Georgia’s Road to Europe and NATO
Duta Besar Georgia untuk Indonesia, Tornike Nozadze, menyatakan bahwa Georgia terus menempatkan integrasi dengan Uni Eropa dan NATO sebagai prioritas strategis negaranya. Dalam wawancara dengan Business Lounge Journal, Duta Besar Georgia untuk Indonesia menjelaskan bahwa proses tersebut bukan hanya soal diplomasi, tetapi juga menyangkut reformasi ekonomi, politik, dan juga di bidang pertahanan.
Sebagai negara kandidat Uni Eropa, Georgia telah lama membangun hubungan yang lebih dekat dengan Uni Eropa melalui berbagai kerangka kerja sama. Salah satu instrumen penting adalah dokumen Association Agreement, yang dipandang sebagai blueprint bagi Georgia untuk menyiapkan diri menuju keanggotaan penuh European Union di masa depan.
Georgia juga sedang menyelesaikan DCFTA, yaitu EU-Georgia Deep and Comprehensive Free Trade Area, di mana Georgia harus menyesuaikan legislasi mereka yang berkaitan dengan ekonomi dengan legislasi European Union.
Nozadze menyadari bahwa integrasi Georgia menantang, namun beliau optimis bahwa pada tahun 2030 Georgia akan siap secara ekonomi dan politik, paling tidak merupakan negara yang paling siap di antara semua negara Uni Eropa lainnya. Beliau menyatakan bahwa banyak perubahan yang dilakukan menyakitkan dan sukar, namun Georgia berkomitmen untuk melakukan integrasi dengan Uni Eropa.
Georgia juga berkomitmen penuh untuk mencapai interoperabilitas dengan NATO dan untuk mencapai integrasi dengan NATO. Georgia menyiapkan pasukan militernya untuk mempunyai kapabilitas yang sama dengan NATO, dan Georgia berharap untuk memperkuat NATO, bukan untuk menjadi beban bagi NATO. Georgia berkomitmen bukan hanya untuk kompatibel dengan NATO, tetapi juga kompetitif dengan anggota NATO yang lain.

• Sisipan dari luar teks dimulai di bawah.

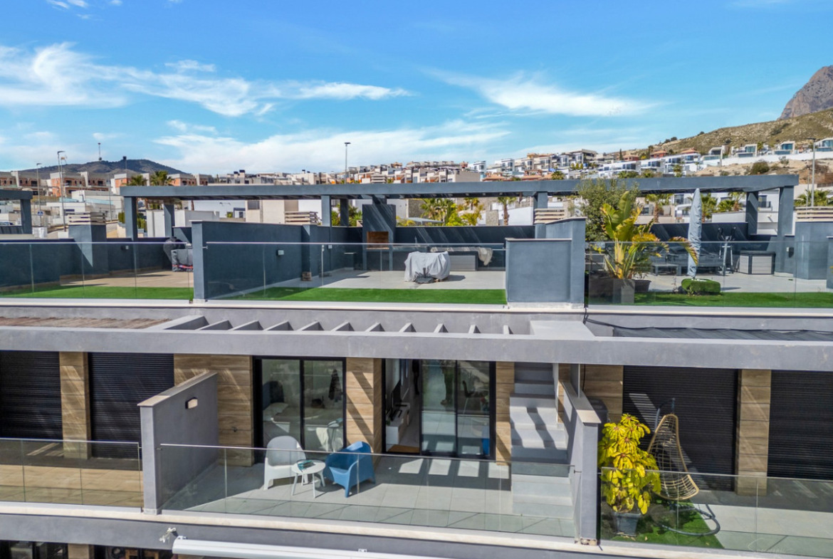 Nestled in the prestigious Balcón de Finestrat area, this elegant duplex offers a perfect blend of contemporary design, a south-facing orientation, and breathtaking panoramic views of the Mediterranean Sea and Benidorm’s iconic skyline.

Georgia juga telah melakukan banyak misi internasional. Dalam banyak operasi internasional Georgia adalah urutan kedua di dalam partisipasi militer per kapita setelah Amerika Serikat. Duta besar yakin bahwa Georgia berada pada jalur yang benar untuk integrasi Georgia ke dalam NATO.
Nozadze menyatakan bahwa mereka punya hubungan yang sukar dengan Rusia, karena Rusia saat ini menguasai 20% dari wilayah Georgia. Sejak perang dengan Rusia pada tahun 2008, daerah-daerah yang dikuasai Rusia semakin dikuasai dan diduduki oleh Angkatan Bersenjata Rusia. Daerah-daerah yang diduduki oleh Rusia ini sangat dekat dengan ibu kota Georgia, sekitar 40 kilometer dari ibu kota Georgia. Georgia tetap berkomitmen untuk menyelesaikan konflik mereka dengan Rusia dengan cara damai, dan terus berkomitmen untuk meminta dukungan internasional untuk terus menekan Rusia, terutama dalam komitmen Rusia di dalam perjanjian gencatan senjata.
Georgia berharap untuk membangun jembatan yang lebih baik lagi dengan masyarakat Georgia di Abkhazia dan Ossetia yang berada di dalam pendudukan Rusia, karena selama sejarah Georgia banyak wilayah-wilayah Georgia yang diduduki oleh kekuatan asing jauh lebih lama daripada pendudukan Rusia, dan semua wilayah ini dapat kembali ke Georgia bersama dengan masyarakatnya. Nozadze yakin bahwa wilayah-wilayah ini akan kembali ke pangkuan Georgia pada masa yang akan datang.